_Assignment_
Word for word, repeat the entries, minus the pictures.

Dataset entries
BEGIN

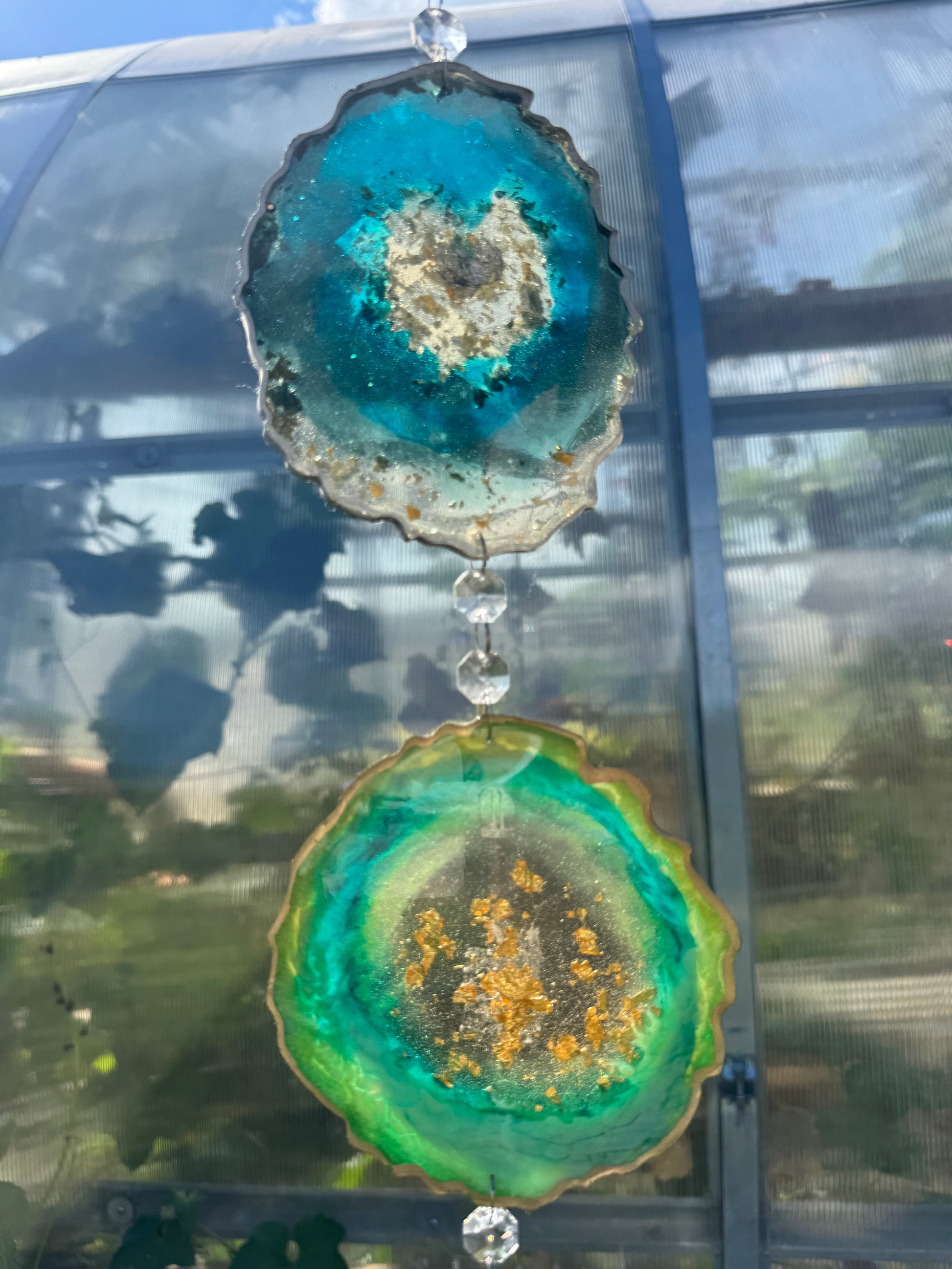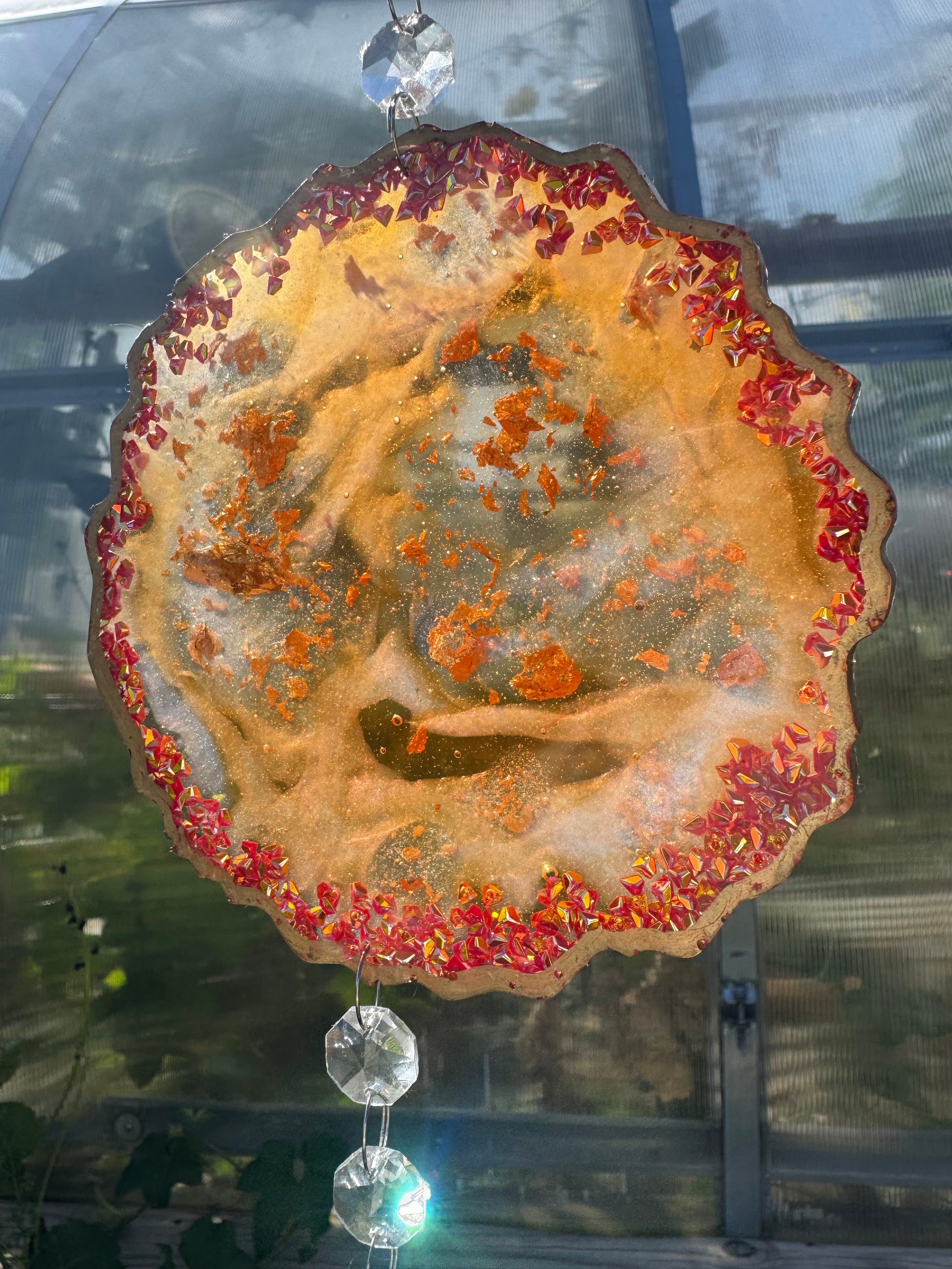 Each sun catcher is hand-cast on our farm using marine-grade, never-yellowing resin. Every piece is hand-poured by me, inspired by nature, and often incorporates items directly from our land. Finished with crystals and prisms, each sun catcher is designed to scatter rainbows across your walls and windows.
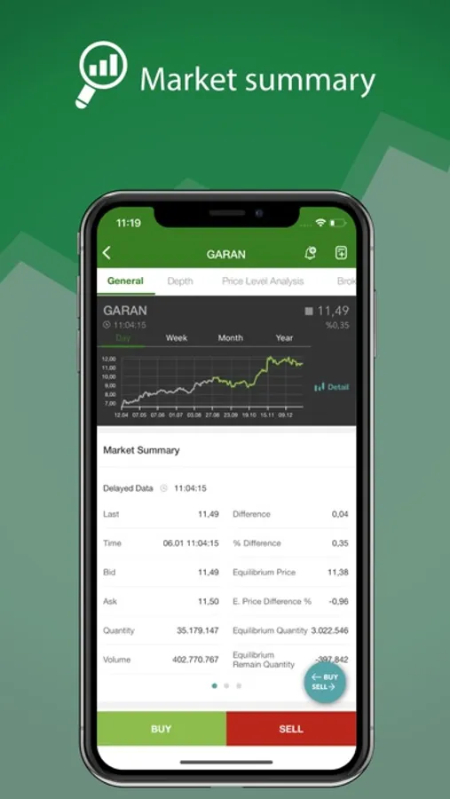 On the new buy/sell screens, you can access the summary market data of the relevant symbol and see your available balance in advance. You can also give your buy/sell orders by specifying the amount instead of the quantity. When you give a sell order for the stock in your portfolio, the quantity field will be filled automatically. You can also access depth information on the buy/sell screen if you have a package for it.
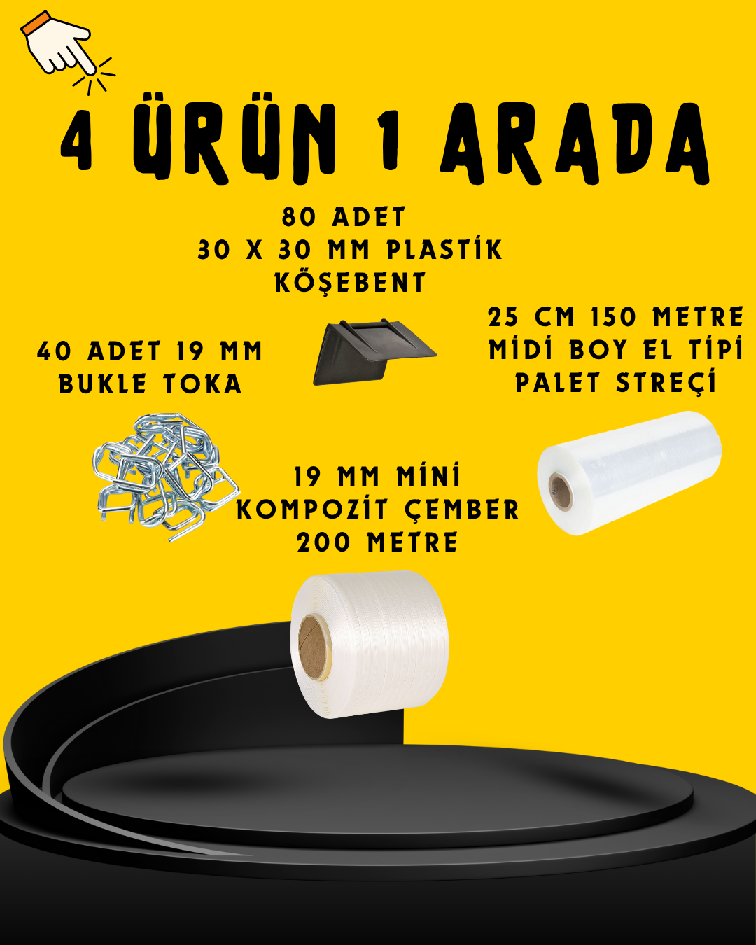 Özellikle mermer, kereste, parke ve metal sektörlerinde paletlerin güvenle sevkiyatı için tasarlanmıştır. Yüksek mukavemetli kompozit çember ile ağır yüklerde maksimum güvenlik sağlar.
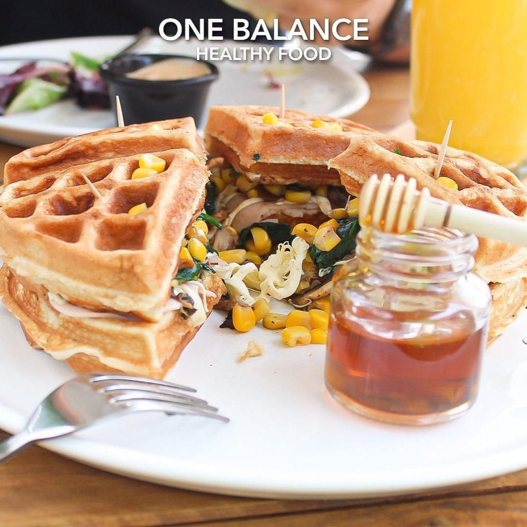 Delicioso Wafle en en forma de sándwich relleno de espinacas baby, champiñones y elote salteados , pechuga de pago , queso panela o oaxaca
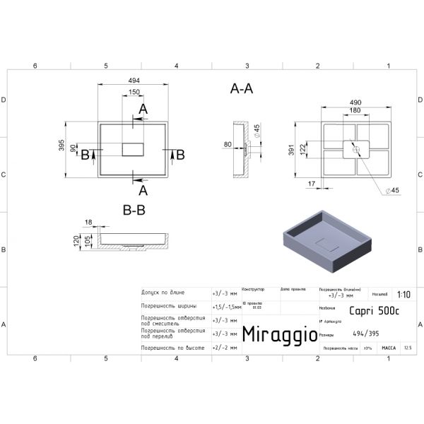 Умывальник Miraggio CAPRI изготовлен из литого камня белого цвета. Продукция производится с экологически чистых материалов. Применение индивидуальной технологии литого камня позволяет избежать присутствия любых интенсивных элементов. Удобная и современная модель удачно дополнит Ваш интерьер. За умывальником легко ухаживать, благодаря гладкой поверхности и очень просто устанавливать.
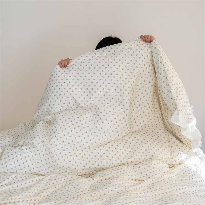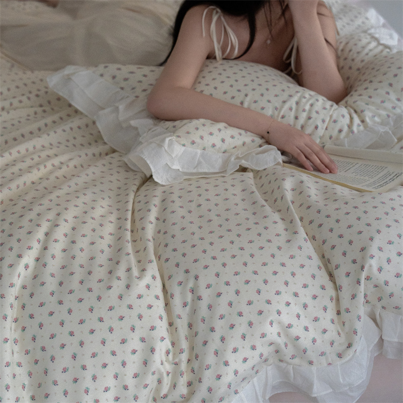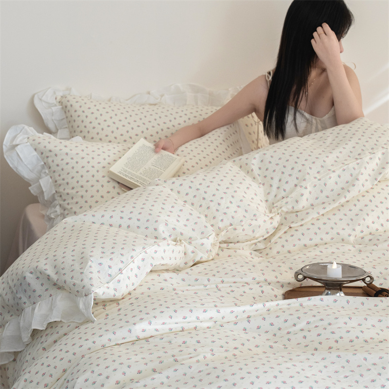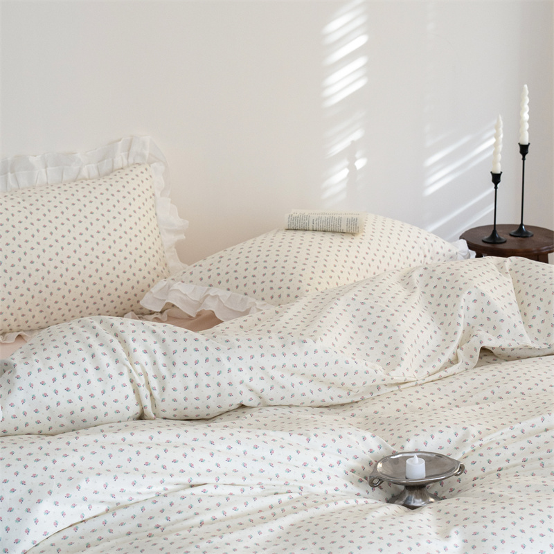 (总)尺素 2025新款田园小清新纯棉四件套出口韩国ins博主风全棉被套纯色加大床单1.8床笠印花枕套学生宿舍三件套,春不晚 桃粉,花似锦 奶白,紫鸢千夏紫
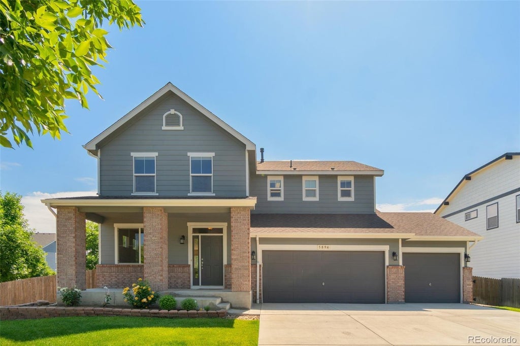 Elegant Timnath Ranch Retreat! Step into this meticulously maintained home, where every detail has been thoughtfully curated for comfort and style. Freshly painted interiors and rich acacia wood floors throughout the main living areas create a warm and inviting atmosphere. The gourmet kitchen boasts granite countertops, double ovens, a gas cooktop, and abundant cabinetry, making it a chef's delight. Adjacent to the kitchen, a versatile "command center" offers a perfect space for a home office or additional storage. Relax in the spacious primary suite, featuring a 5-piece bath with a jetted tub and a walk-in closet. The home also includes a cozy gas fireplace with a stone surround, formal and informal dining areas, and a formal living room that can serve as a reading nook or music space. Practical amenities like tile flooring in all bathrooms and the laundry room, three linen closets, and a three-car garage add to the home's functionality. The furnace was replaced in 2024, ensuring modern efficiency. Outside, the expanded wrap-around patio provides a shaded retreat for afternoon barbecues, while the covered front porch offers a serene spot to enjoy colorful sunsets. A full front and back sprinkler system keeps the landscaping lush and green. Located in the desirable South Timnath Ranch community, residents have access to amenities such as a pool with slides, a clubhouse, workout room, basketball courts, and the recently updated Timnath Community Park, featuring pickleball courts, a dog park, an accessible playground, and open fields for various activities. This home offers a perfect blend of elegance, comfort, and community. Don't miss the opportunity to make it yours. Schedule a private tour today and experience all that this exceptional property has to offer. Home warranty included for no worries!
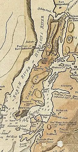 Pendant ce temps, les troupes britanniques, menées par le général Howe, s'avançaient au nord en suivant la berge est de l'East River, en direction de King's Bridge. Durant la nuit du , la frégate britannique Rose profita d'une marée montant vers le nord ; remorquant une trentaine de bateaux à fond plat, elle put atteindre Newtoon Creek, où elle mouilla. Le lendemain, davantage de petits bateaux la rejoignirent, et trois navires de guerre, les HMS Renown, HMS Repulse et HMS Pearl, accompagnés de la goélette HMS Tryal, naviguèrent dans l'Hudson[14],[15].
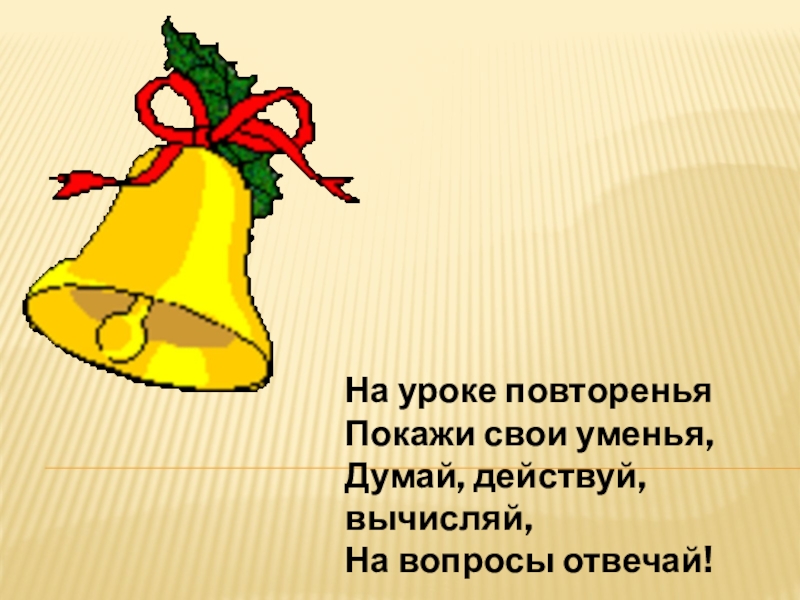 На уроке повтореньяПокажи свои уменья,Думай, действуй, вычисляй,На вопросы отвечай!
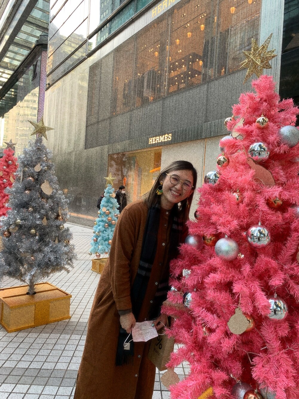 グレー系のマフラーを着用したレディースの冬コーディネートの1枚目の写真

END

_Task answer_
 Each sun catcher is hand-cast on our farm using marine-grade, never-yellowing resin. Every piece is hand-poured by me, inspired by nature, and often incorporates items directly from our land. Finished with crystals and prisms, each sun catcher is designed to scatter rainbows across your walls and windows.
 On the new buy/sell screens, you can access the summary market data of the relevant symbol and see your available balance in advance. You can also give your buy/sell orders by specifying the amount instead of the quantity. When you give a sell order for the stock in your portfolio, the quantity field will be filled automatically. You can also access depth information on the buy/sell screen if you have a package for it.
 Özellikle mermer, kereste, parke ve metal sektörlerinde paletlerin güvenle sevkiyatı için tasarlanmıştır. Yüksek mukavemetli kompozit çember ile ağır yüklerde maksimum güvenlik sağlar.
 Delicioso Wafle en en forma de sándwich relleno de espinacas baby, champiñones y elote salteados , pechuga de pago , queso panela o oaxaca
 Умывальник Miraggio CAPRI изготовлен из литого камня белого цвета. Продукция производится с экологически чистых материалов. Применение индивидуальной технологии литого камня позволяет избежать присутствия любых интенсивных элементов. Удобная и современная модель удачно дополнит Ваш интерьер. За умывальником легко ухаживать, благодаря гладкой поверхности и очень просто устанавливать.
 (总)尺素 2025新款田园小清新纯棉四件套出口韩国ins博主风全棉被套纯色加大床单1.8床笠印花枕套学生宿舍三件套,春不晚 桃粉,花似锦 奶白,紫鸢千夏紫
 Elegant Timnath Ranch Retreat! Step into this meticulously maintained home, where every detail has been thoughtfully curated for comfort and style. Freshly painted interiors and rich acacia wood floors throughout the main living areas create a warm and inviting atmosphere. The gourmet kitchen boasts granite countertops, double ovens, a gas cooktop, and abundant cabinetry, making it a chef's delight. Adjacent to the kitchen, a versatile "command center" offers a perfect space for a home office or additional storage. Relax in the spacious primary suite, featuring a 5-piece bath with a jetted tub and a walk-in closet. The home also includes a cozy gas fireplace with a stone surround, formal and informal dining areas, and a formal living room that can serve as a reading nook or music space. Practical amenities like tile flooring in all bathrooms and the laundry room, three linen closets, and a three-car garage add to the home's functionality. The furnace was replaced in 2024, ensuring modern efficiency. Outside, the expanded wrap-around patio provides a shaded retreat for afternoon barbecues, while the covered front porch offers a serene spot to enjoy colorful sunsets. A full front and back sprinkler system keeps the landscaping lush and green. Located in the desirable South Timnath Ranch community, residents have access to amenities such as a pool with slides, a clubhouse, workout room, basketball courts, and the recently updated Timnath Community Park, featuring pickleball courts, a dog park, an accessible playground, and open fields for various activities. This home offers a perfect blend of elegance, comfort, and community. Don't miss the opportunity to make it yours. Schedule a private tour today and experience all that this exceptional property has to offer. Home warranty included for no worries!
 Pendant ce temps, les troupes britanniques, menées par le général Howe, s'avançaient au nord en suivant la berge est de l'East River, en direction de King's Bridge. Durant la nuit du , la frégate britannique Rose profita d'une marée montant vers le nord ; remorquant une trentaine de bateaux à fond plat, elle put atteindre Newtoon Creek, où elle mouilla. Le lendemain, davantage de petits bateaux la rejoignirent, et trois navires de guerre, les HMS Renown, HMS Repulse et HMS Pearl, accompagnés de la goélette HMS Tryal, naviguèrent dans l'Hudson[14],[15].
 На уроке повтореньяПокажи свои уменья,Думай, действуй, вычисляй,На вопросы отвечай!
 グレー系のマフラーを着用したレディースの冬コーディネートの1枚目の写真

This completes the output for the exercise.